Mealtime behavior analyzed for this review included 5-second acceptance, inappropriate mealtime behavior ([IMB], all participants) mouth clean, expel (Ben, Kai, Ezra), and pack (Mila). The investigators defined 5-second acceptance as when the child opens their mouth, and the entire bite is deposited within 5 seconds. The definition of IMB included both head turns (i.e., child turns their head and/or body 45° past midline or greater than 2″ away during the bite presentation) and disruptions (i.e., anytime the child touches the spoon, plate, cup, food, or anywhere on the therapist’s hand/arm below the elbow and/or child blocks access to their mouth during the bite presentation). The investigators defined mouth clean as the child swallowing the entire bolus (except for a pea size or less if the bolus was 0.5 cc or larger and smaller than the size of a grain of rice if the bolus was less than 0.5 cc), within 30 seconds after the feeder deposited the bite. Expels were defined as food larger than the size of a pea if the bolus was 0.5 cc or larger and food smaller than the size of a grain of rice if the bolus was smaller than 0.5 cc outside the child’s mouth, which included instances when the food dripped out; the child actively pushed the food out with their tongue; removed the food with their hand; or wiped the food on their hand, arm, or clothing. The therapist scored a pack when the child held food (greater than pea size in their mouth if the bolus was at least 0.5 cc and smaller than a grain of rice if the bolus was smaller than 0.5 cc) 30 seconds after the feeder deposited the bite. If food was outside the child’s mouth at any time, including before the 30 seconds mouth check or after the feeding therapist scored a pack, the feeding therapist scored an expel if the amount was large enough. Mouth cleans, expels, and packs were converted into a percentage by dividing occurrence of the target behavior by the total number of bites entering the child’s mouth multiplied by 100.

Inter-Coder Agreement, Inter-Observer Agreement, and Procedural Integrity

The investigators applied the same inter-coder agreement methodology for participant demographics, assessment, and outcome as they did for inclusionary criteria. Inter-coder agreement was 90.9% for demographics, 98.8% for assessment coding, and 100% for outcomes.
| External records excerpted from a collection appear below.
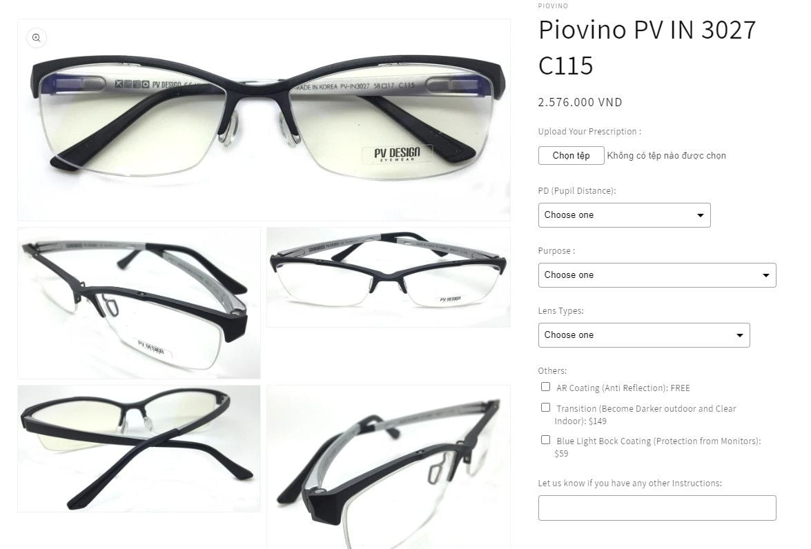 Gọng kính màu đen nửa viền PIOVINO (PV-IN3027 C116).
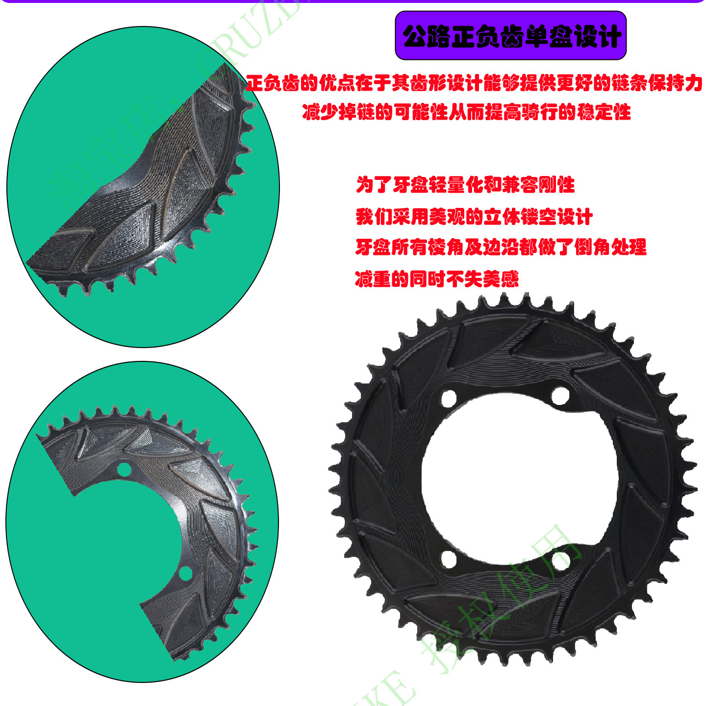 单速牙盘 36T42T50T60T正负齿盘片改装 wuzei公路车五爪110 130BCD
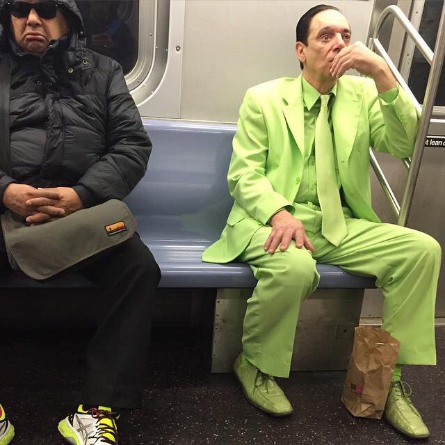 he looks like he's worn the same clothes every St Patrick's day since buying them new in about 1978.
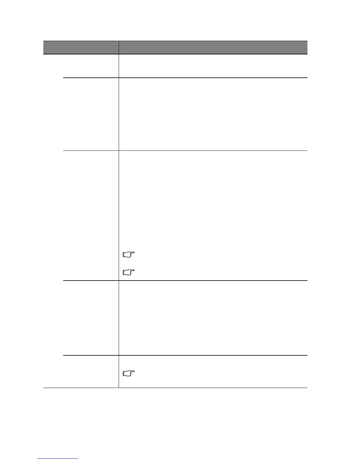 User 1, User 2, Language, Projector Position, High Altitude
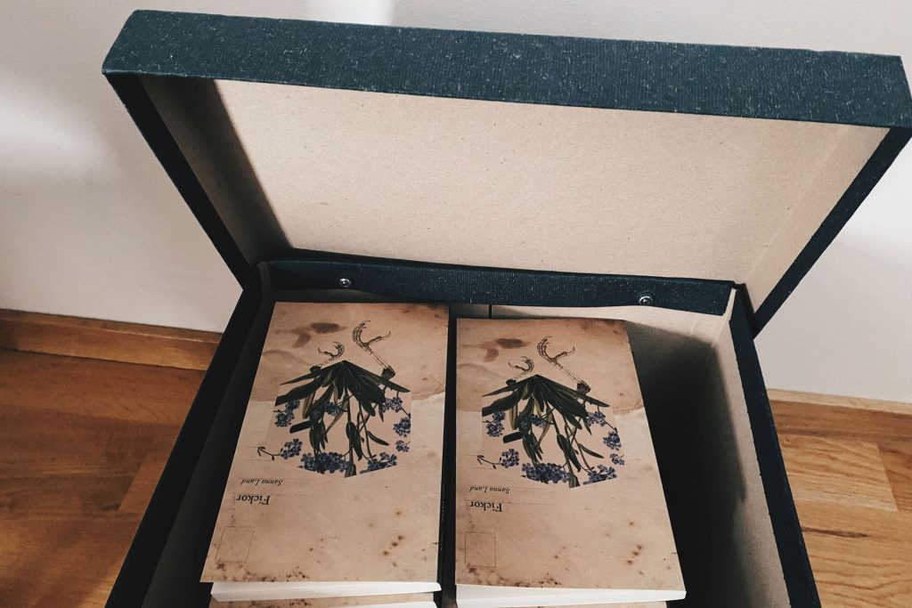 Mitt lilla lager hemma ryms i en större kartong. Jag trycker bara 100 böcker åt gången. Det kostar mer per bok, men de går samtidigt åt.
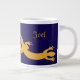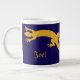 interlinked golden geckoes in silhouette. Everyone needs a gecko or two. Unique Inkshed design. Golden yellow geckoes, dark purple/blue mug. Edit the name to personalize, or just delete it for a simple, stylish gift.
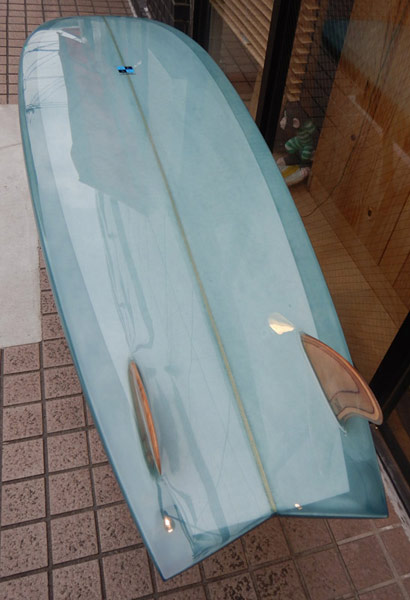 グレイブルーのティントカラーでラミネートしたブギーが入荷しました。レングスは6’0。幅も厚みもたっぷりで浮力たっぷりのツインフィンです。
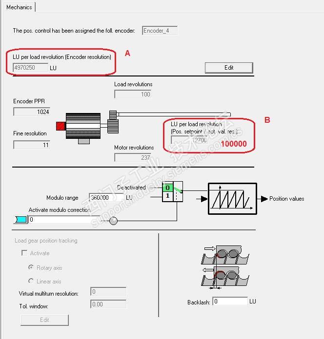 负载轮子的周长100mm,那么负载旋转一周的LU精确到1um的话就是100000LU,齿轮比为2.37
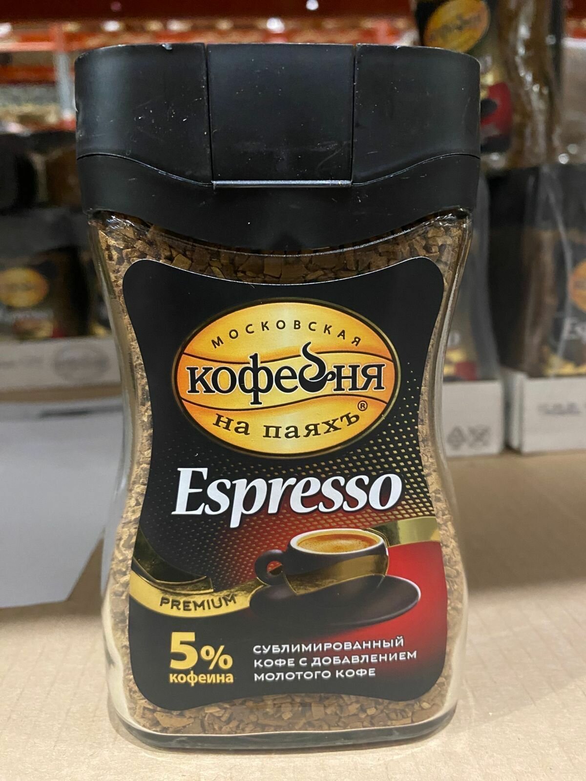 Кофе растворимый сублимированный Московская Кофейня на Паяхъ Espresso с молотым кофе, 95 г стеклянная банка

Two independent observers scored standard behavioral data, including 5-second acceptance, mouth cleans, expels, packs, and IMB during the modified-bolus placement assessments or using a video recording of the assessment to allow for calculation of inter-observer agreement (IOA). Investigators calculated IOA on a trial-by-trial basis for each participant by dividing agreements (e.g., two independent observers scored expel) for each bite by agreements plus disagreements and converting that ratio to a percentage. For the first modified-bolus placement assessment, IOA was collected for 37.2% of trials, equaling 95.9% (range 88%–100%) across participants. For the secondary modified-bolus placement assessment IOA was collected for 22.3% of trials and equaled 98.8% (range 97%–100%). Ezra was the only participant with a tertiary modified-bolus placement assessment and IOA was collected for 100% of trials, equaling 100%.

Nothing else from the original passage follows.